Bipartite Capacity Graph Theory Proof

Question

$ G = (V,E) $ is a bipartite graph and $ V = V1 ∪ V2 $.

$ U ⊆ V1 $ and is denoted as $ N(U) $ and is the set of all neighbours of $U$ in the graph $G$.

Construct an ordered graph $D = (V’,A)$ of G and all edgdes of G go from $V1$ to $V2$ and add an input $s$ and an output $t$ where there is an edge from $s$ to all vertices in $ V1$ and from all vertices in $V2$ to the output $t$. Choose capacity $c(a)= 1$ for all $a ∈ A$.

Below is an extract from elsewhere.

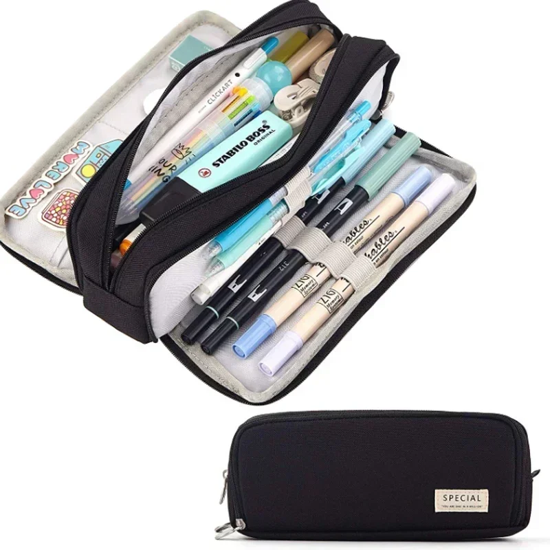 카와이 연필 케이스 대용량 캔버스 펜 가방 소녀 멀티 레이어 상자 단색 귀여운 학교 용품 한국어 문구 [7,609원]

$ U ⊆ V'$ is a subset that contains $s$.

$ U1 = V1 ∩ U $ and $ U2 = V2 ∩ U $.

Prove the following:

$cap(δ^+(U)) ≥ |V1∖U1|+ |U2|+ |N(U1)∖U2| $.

$δ^+(U)$ is defined as the edges leaving $U$.

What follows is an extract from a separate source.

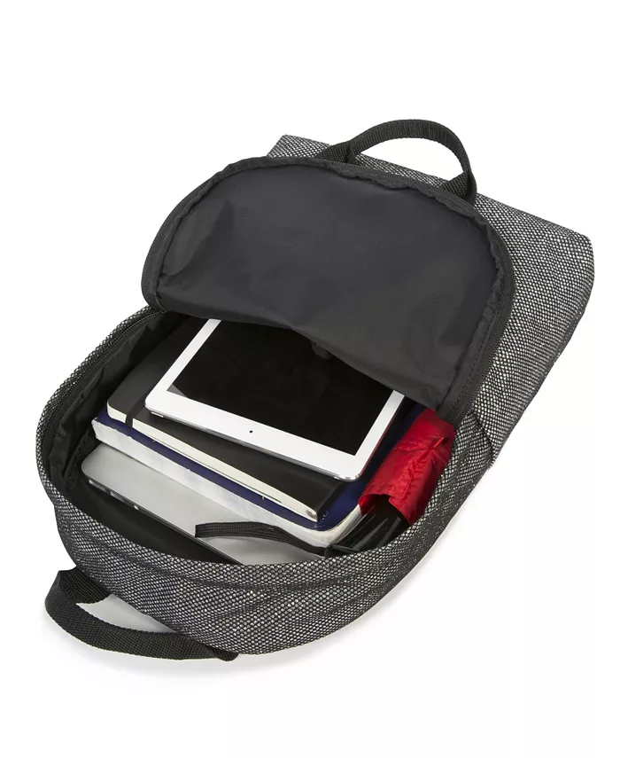 Внутренний разделитель вмещает ноутбук или планшет с диагональю до 13 дюймов в зависимости от марки ноутбука, имеет плоское переднее отделение на молнии, верхнюю ручку для удобства захвата и переноски, привлекающие внимание блестящие тканевые накладки на плечевые ремни с сетчатой ​​задней панелью.

The proof should be very short, however I don't know where to start..Could someone help me?

Answer 1

This is a simple counting argument and it helps a lot to just draw the graph you constructed and consider all possibilities how an edge leaving $U$ can look like. For an edge $e = (v,w)$ (this notation means that the edge is directed from v to w) leaving $U$ it holds that either $v = s$ or $w \in V_2\cup \{t\}$. Now you just have to count:

1. Number of edges going from $s$ to $V_1\backslash U_1$. ( $= |V_1\backslash U_1|$)
2. Number of edges going from $U_1$ to $V_2\backslash U_2$. ( $= |N(U_1)\backslash U_2|$)
3. Number of edges going from $U_2$ to $t$ ( $= |U_2|$).

Since all edges have unit capacity, adding up these numbers yields the desired result.